The most typical argument against the use of unsigned integers is that it’s more error prone since it’s far easier for an expression to underflow than it is to overflow. This advice is so common that the official Google C++ Style Guide outright discourages the use of unsigned types.

We’ll see in the following arguments where these safety issues come from and how to easily avoid them with trivial idioms that are easier to understand than using signed everywhere. We’ll also see that these arguments are incorrect most of the time as they encourage continuing to write and use unsafe code.

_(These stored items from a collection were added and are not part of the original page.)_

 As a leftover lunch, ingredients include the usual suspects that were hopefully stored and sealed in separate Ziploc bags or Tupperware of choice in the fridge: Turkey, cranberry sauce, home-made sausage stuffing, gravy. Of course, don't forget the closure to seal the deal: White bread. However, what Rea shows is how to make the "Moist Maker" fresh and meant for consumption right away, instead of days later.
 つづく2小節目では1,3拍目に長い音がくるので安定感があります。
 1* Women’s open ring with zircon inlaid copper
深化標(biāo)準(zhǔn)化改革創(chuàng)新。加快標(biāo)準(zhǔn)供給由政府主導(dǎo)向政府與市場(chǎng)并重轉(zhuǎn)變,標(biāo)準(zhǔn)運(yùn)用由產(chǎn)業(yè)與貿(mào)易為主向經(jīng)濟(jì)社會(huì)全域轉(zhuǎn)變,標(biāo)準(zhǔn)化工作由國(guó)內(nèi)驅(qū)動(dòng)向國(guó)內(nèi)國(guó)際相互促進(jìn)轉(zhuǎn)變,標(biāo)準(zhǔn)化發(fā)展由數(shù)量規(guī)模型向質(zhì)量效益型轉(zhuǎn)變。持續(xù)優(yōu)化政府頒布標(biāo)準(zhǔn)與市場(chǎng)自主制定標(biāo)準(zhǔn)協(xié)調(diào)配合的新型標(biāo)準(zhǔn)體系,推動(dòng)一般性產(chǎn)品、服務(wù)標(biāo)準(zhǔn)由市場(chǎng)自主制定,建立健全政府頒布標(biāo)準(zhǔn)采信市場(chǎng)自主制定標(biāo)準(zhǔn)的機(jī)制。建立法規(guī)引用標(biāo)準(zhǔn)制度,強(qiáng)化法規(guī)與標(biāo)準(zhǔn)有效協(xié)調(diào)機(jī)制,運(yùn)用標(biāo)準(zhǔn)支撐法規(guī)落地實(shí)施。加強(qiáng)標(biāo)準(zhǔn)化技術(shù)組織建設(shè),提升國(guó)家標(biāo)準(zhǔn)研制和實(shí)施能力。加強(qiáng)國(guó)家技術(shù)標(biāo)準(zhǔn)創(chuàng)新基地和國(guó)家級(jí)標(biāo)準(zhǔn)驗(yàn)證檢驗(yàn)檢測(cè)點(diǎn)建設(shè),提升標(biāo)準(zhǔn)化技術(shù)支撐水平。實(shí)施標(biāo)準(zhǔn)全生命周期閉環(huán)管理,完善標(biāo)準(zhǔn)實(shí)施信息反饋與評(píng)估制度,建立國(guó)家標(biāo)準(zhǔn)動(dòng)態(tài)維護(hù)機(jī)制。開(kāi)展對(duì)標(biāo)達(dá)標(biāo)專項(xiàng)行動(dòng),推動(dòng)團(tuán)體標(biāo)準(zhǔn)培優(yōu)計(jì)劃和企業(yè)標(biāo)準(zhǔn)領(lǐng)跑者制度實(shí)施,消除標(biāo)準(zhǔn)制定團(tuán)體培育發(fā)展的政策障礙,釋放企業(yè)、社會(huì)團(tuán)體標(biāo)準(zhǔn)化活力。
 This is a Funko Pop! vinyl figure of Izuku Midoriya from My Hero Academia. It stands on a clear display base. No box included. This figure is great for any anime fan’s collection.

The loop in reverse argument #

When the counter of a for loop needs to count in reverse and the body of the loop needs to execute when the counter is also zero, most programmers will find unsigned difficult to use because i >= 0 will always evaluate true.

The temptation is to cast the unsigned value to a signed one, e.g:

for (int64_t i = int64_t(size) - 1; i >= 0; i--) {
    // ...
}

Of course this is dangerous as it’s a narrowing conversion, with a cast which silences a legitimate warning. In C and C++ it invokes undefined behavior when given specific large values and most certainly is exploitable. Most applications would just crash on inputs >= 0x7ffffffffffffffff. The typical argument is that such a value would be “pathological”. Not only is this argument incorrect, it’s even more dangerous which we will see later.

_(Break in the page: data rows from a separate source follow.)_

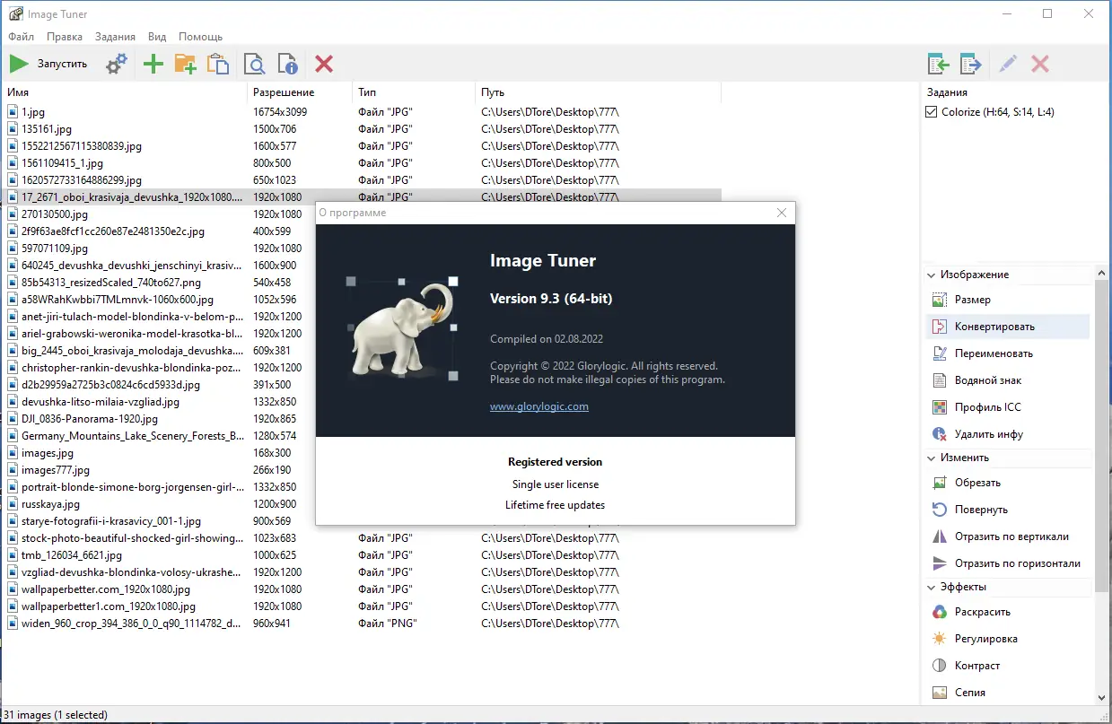 Для начала работы с Image Tuner достаточно добавить нужные изображения через проводник или перетащить их в окно программы. Далее выбирается требуемое действие — изменение размера, поворот, конвертация или нанесение водяного знака. После настройки параметров запускается процесс обработки, во время которого отображается подробный лог операций. Это позволяет отслеживать ход выполнения и при необходимости вносить корректировки. Поддержка тихой установки и автоматического выбора разрядности системы делает использование утилиты удобным на любом компьютере.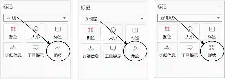此外还有3 个特殊按钮,只有在选择了对应的标记类型时,按钮才会显示出来。这3 个特殊按钮分别是线图对应的路径、饼图对应的角度和形状图形对应的形状,如图14 所示。
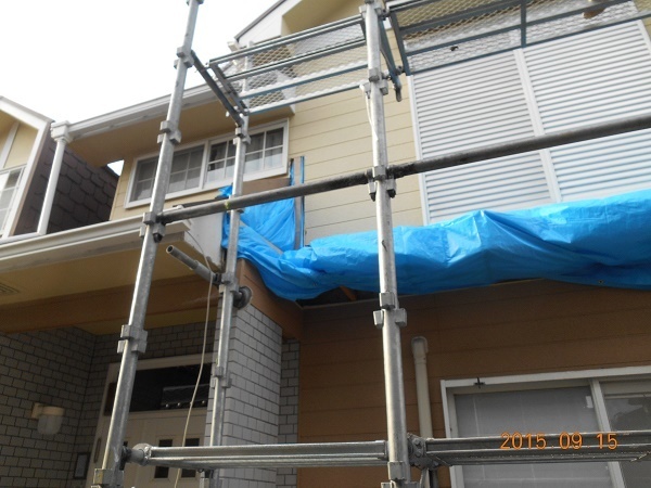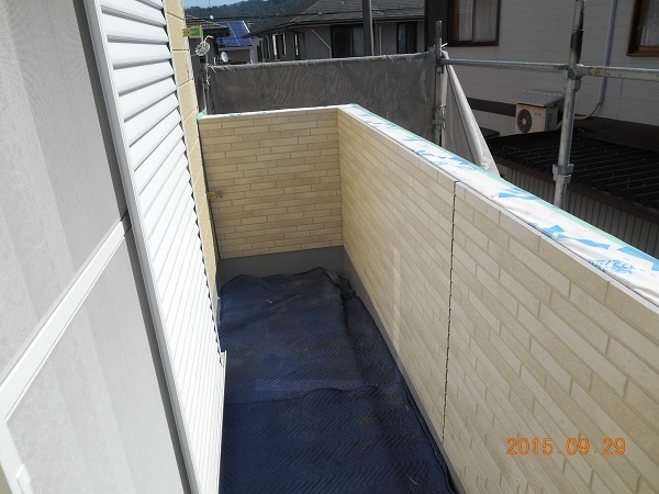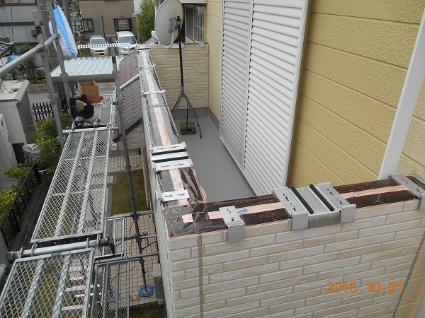 【18】サイディング目地には専用シーリングを打ちます。ベランダ笠木はアルミ笠木を取付ます。写真はブラケットを取付しているところ。

This danger is one of the supporting arguments behind always using signed integer arithmetic. The argument is incorrect though, because int64_t would never permit a value >= 0x7ffffffffffffffff. It’s only avoiding the issue in that the specific problematic numeric range above that limit is no longer allowed. Tough luck if you needed a value that large and if you followed the sage advice of Google to always used signed and had that large value, well now you have a significantly worse problem, as you now invoked signed overflow unconditionally. Which for languages like C and C++, invoke undefined behavior. While languages like Go and Odin will wrap and have the wrong numeric ranges in the loop as a result of that wrap behavior.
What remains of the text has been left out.